On the Viability of using LLMs for SW/HW Co-Design: An Example in Designing CiM DNN Accelerators
Zheyu Yan, Yifan Qin, Xiaobo Sharon Hu, Yiyu Shi
TL;DR
This paper investigates using Large Language Models (LLMs) as optimizers for software-hardware co-design of Compute-in-Memory (CiM) DNN accelerators. It introduces LCDA, a framework that couples a GPT-4-based design optimizer with a design generator, performance evaluator, and cost evaluator to accelerate co-design over the NACIM baseline. Experiments on CIFAR-10 demonstrate up to $25\times$ faster design discovery with comparable accuracy and energy-latency trade-offs, though some CiM-specific behaviors require task-specific tuning. The work highlights the potential of LLM-informed co-design and outlines directions for explainability, open-source LLMs, and tooling to further advance this approach.
Abstract
Deep Neural Networks (DNNs) have demonstrated impressive performance across a wide range of tasks. However, deploying DNNs on edge devices poses significant challenges due to stringent power and computational budgets. An effective solution to this issue is software-hardware (SW-HW) co-design, which allows for the tailored creation of DNN models and hardware architectures that optimally utilize available resources.

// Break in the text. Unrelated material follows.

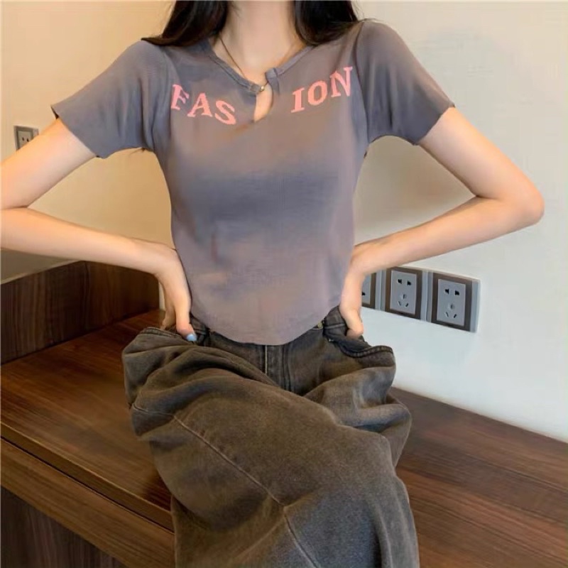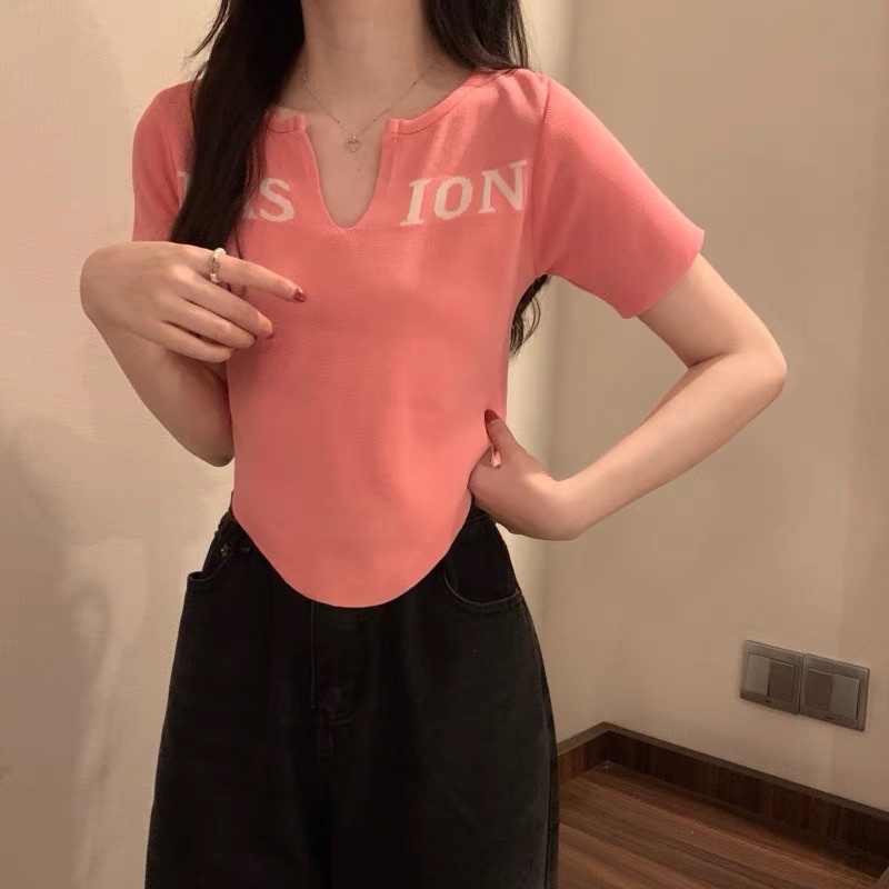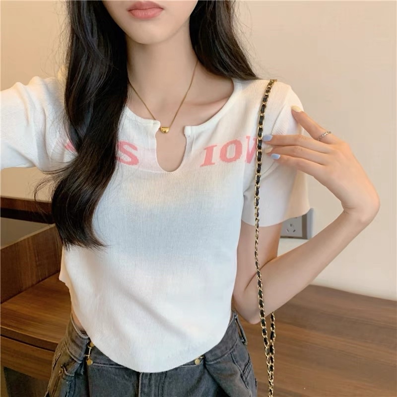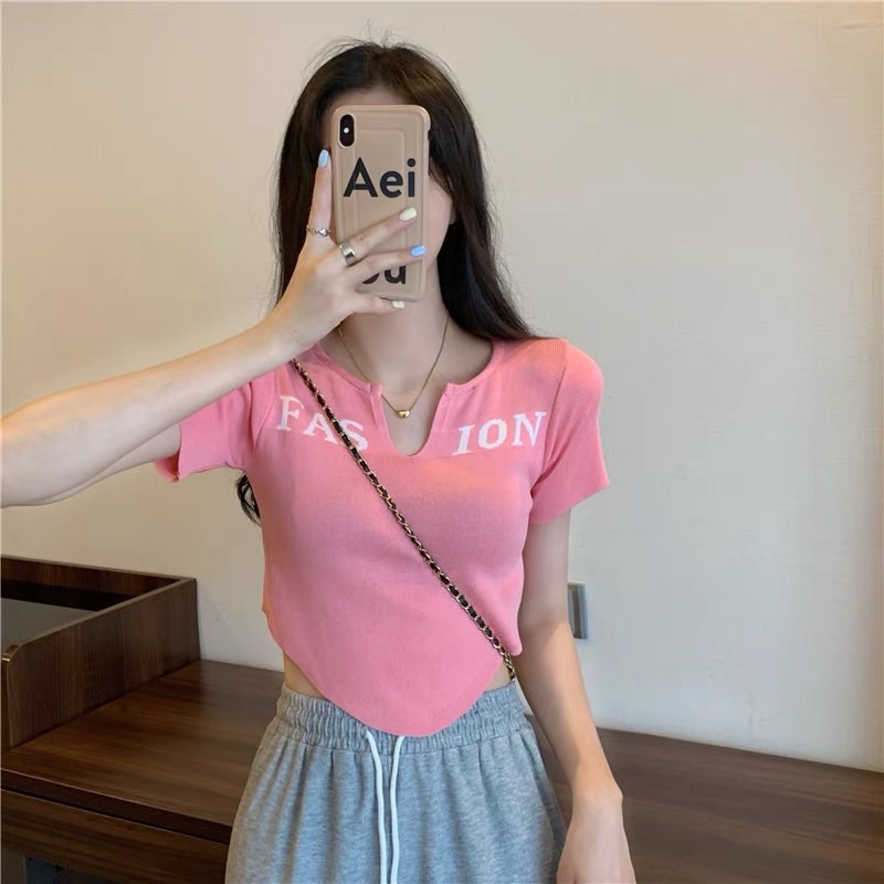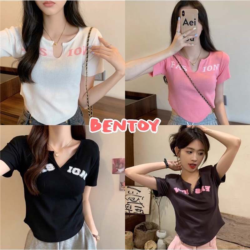 Bentoy(25047)เสื้อครอปอขนสั้นไหมพรม ดีเทลลายอังกฤษ หน้าวี Fashion

However, SW-HW co-design traditionally suffers from slow optimization speeds because their optimizers do not make use of heuristic knowledge, also known as the ``cold start'' problem. In this study, we present a novel approach that leverages Large Language Models (LLMs) to address this issue. By utilizing the abundant knowledge of pre-trained LLMs in the co-design optimization process, we effectively bypass the cold start problem, substantially accelerating the design process. The proposed method achieves a significant speedup of 25x. This advancement paves the way for the rapid and efficient deployment of DNNs on edge devices.